All love of justice combined with judgment has no other origin than the God of heaven, who is justice itself, and the source of all human powers of judgment (Jeremiah 23:5; 33:15).
 'This leads to the conclusion that everything said about charity from the seats to right or left - that it is morality with faith breathed into it, piety with pity breathed into it, doing good to the upright and to the wicked, looking after one's relatives and friends in every way, giving to the poor and helping the needy, building hospitals and supporting them with gifts, endowing places of worship and doing kindnesses to their ministers, that it is the Christian brotherhood of old, or forgiving everyone his faults - all of these are splendid examples of charity, when they are done out of a love of justice combined with judgment. Otherwise they are not charity, but only like watercourses cut off from the spring that feeds them, and like branches torn from a tree. True charity consists in believing in the Lord, and acting fairly and righteously in every deed and employment.

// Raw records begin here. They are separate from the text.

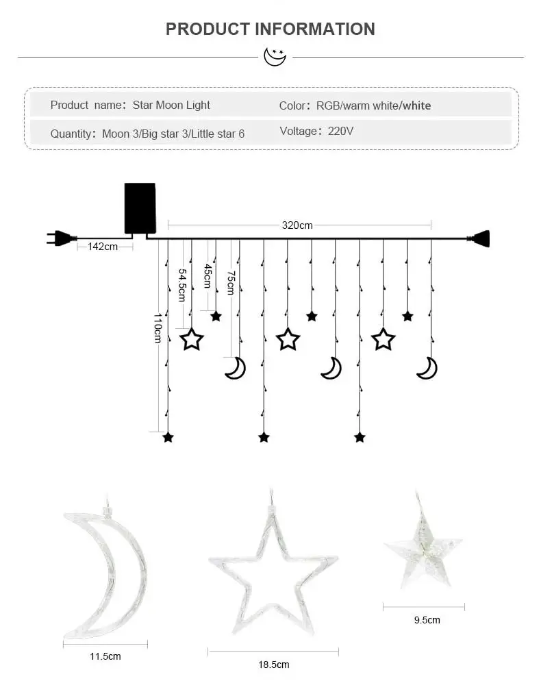 Название светодиодный ные занавески в виде луны и звезд
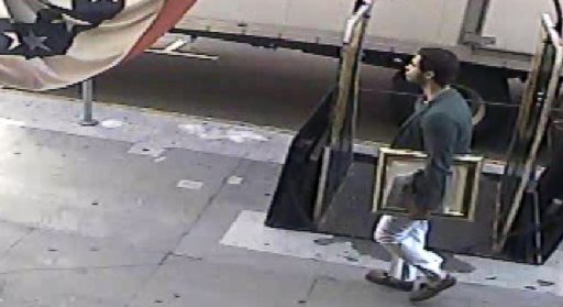 Kẻ trộm ngang nhiên mang bức tranh đi mà không gặp bất cứ sự cản trở nào. Ảnh: AP
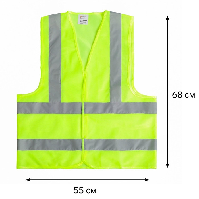 Жилет сигнальный, светоотражающий, салатовый, 3 класс, размер 68×55 см, 60г/м2
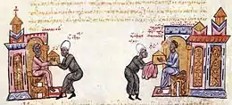 John the Orphanotrophos sends Phagitzes with relics to Constantine Dalassenos, miniature from the Madrid Skylitzes
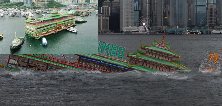 🔴CHINA :#VIDEO HONG KONG'S ICONIC JUMBO FLOATING RESTAURANT SINKS IN SOUTH CHINA SEA AFTER BEING TOWED AWAY TO AN UNKNOWN DESTINATION!
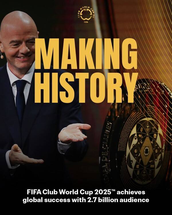 [SPORTALKOREA] 배웅기 기자= 올해 새롭게 확대 개편된 2025 국제축구연맹(FIFA) 클럽 월드컵이 전 세계 팬들의 높은 관심에 힘입어 흥행에 성공했다. 축구 통계 매체 '닐슨 스포츠'의 집계에 따르면 무려 약 27억 명이 시청한 것으로 추산됐다. FIFA는 "기대 이상의 성과를 거뒀다"고 자평했다.
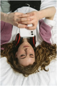 Young woman lying on bed using smartphone, wearing headphones. Relaxed and casual indoor scene.
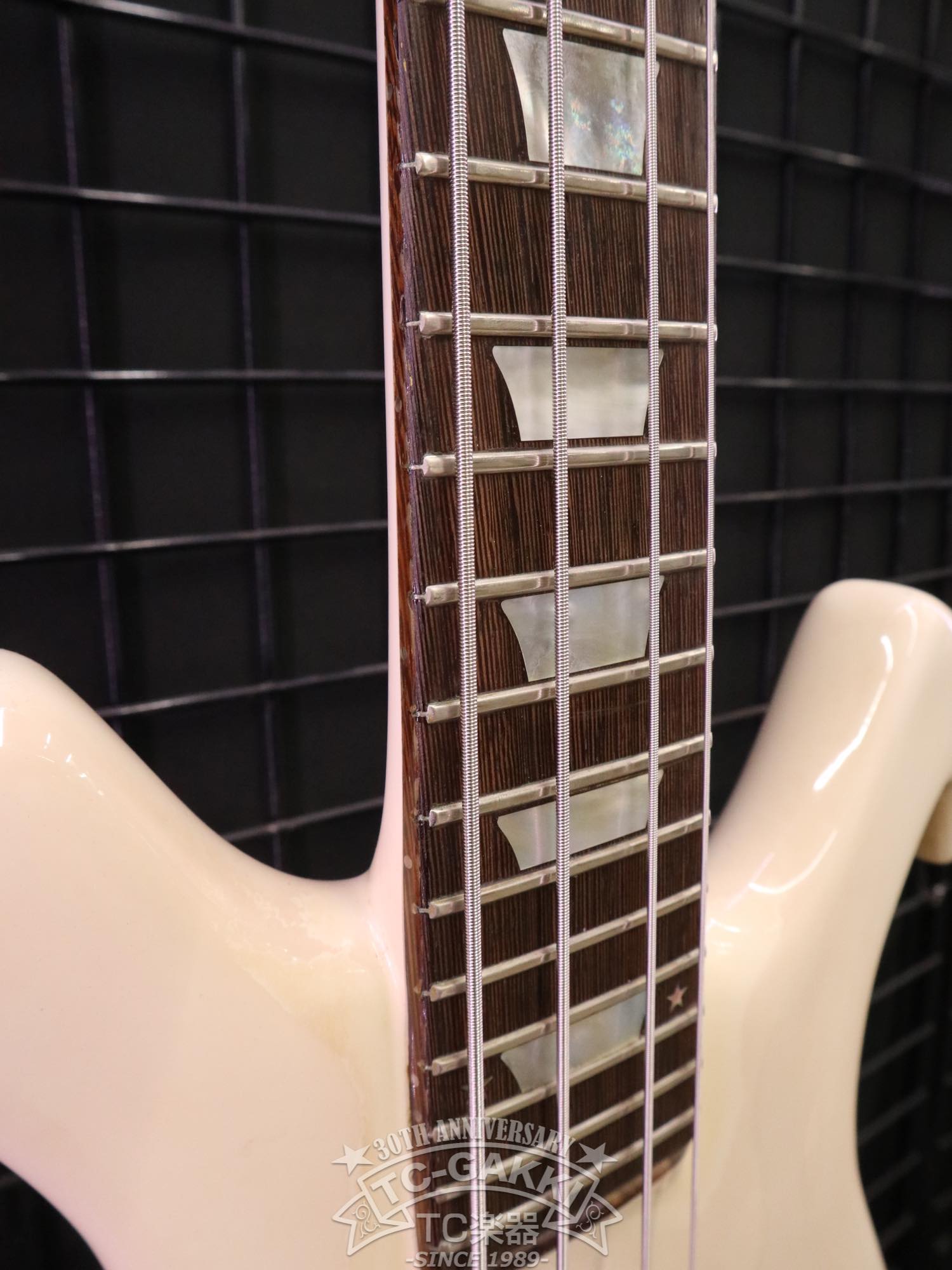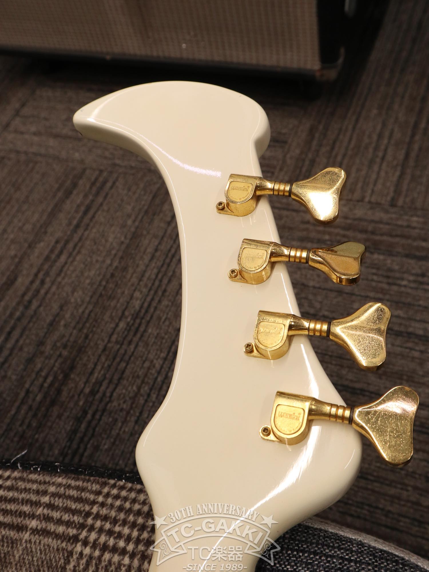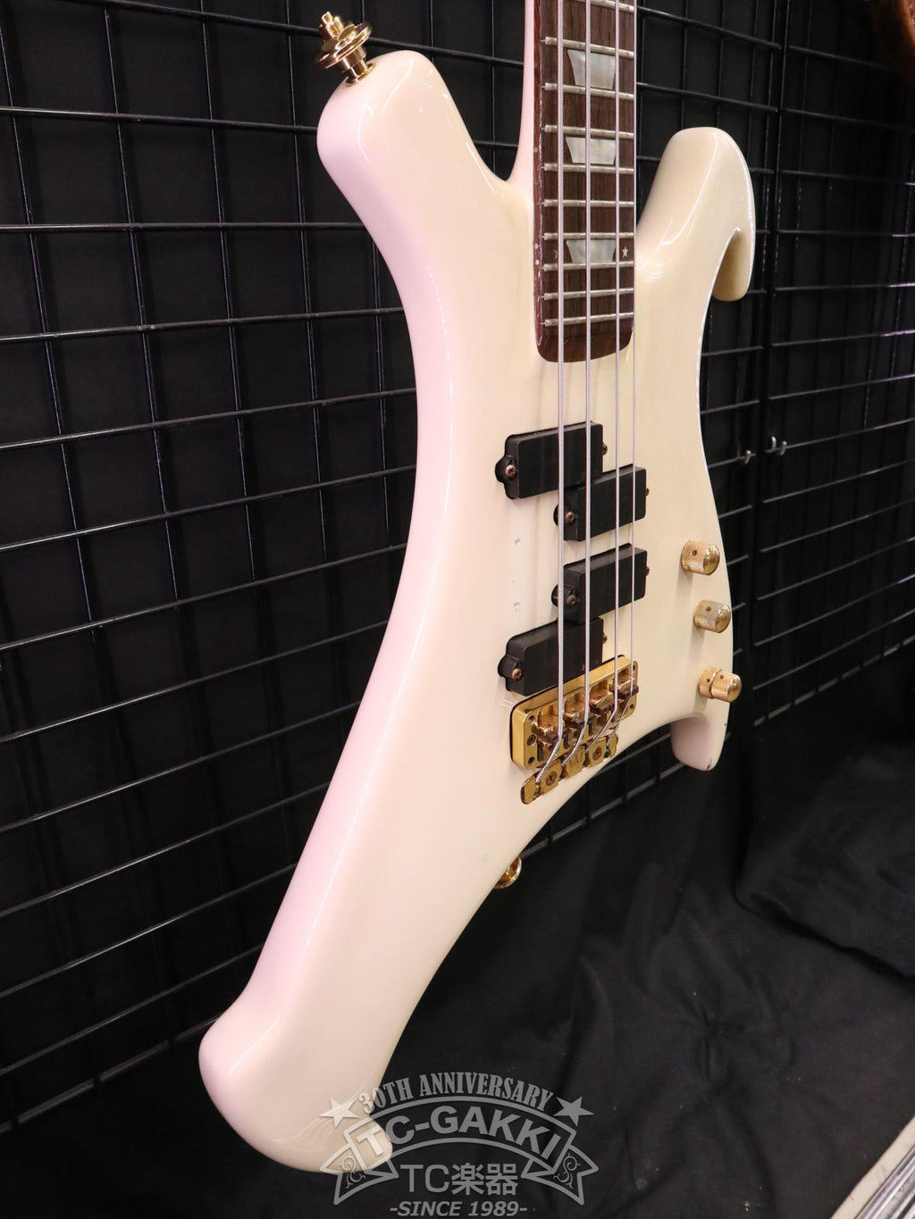 あまりにもインパクト大なルックス。のちにヘッドストックのデザインが見直され、小型化したのが納得できるボディバランスですが、エレキベースの歴史上唯一無二の存在感を放つ1本です!

Anyone therefore who at the Lord's bidding loves justice and executes it with judgment is an image and likeness of charity.'
 This speech was greeted with the sort of silence typically kept by those who are led by the internal man to see and acknowledge that something is so, but do not yet do so in their external man; I could observe this from their faces. But I was then suddenly carried up out of their sight, for from being in the spirit I re-entered my material body. A natural person, being clothed in a material body, is invisible to any spiritual person, that is, any spirit or angel, and so are they to him.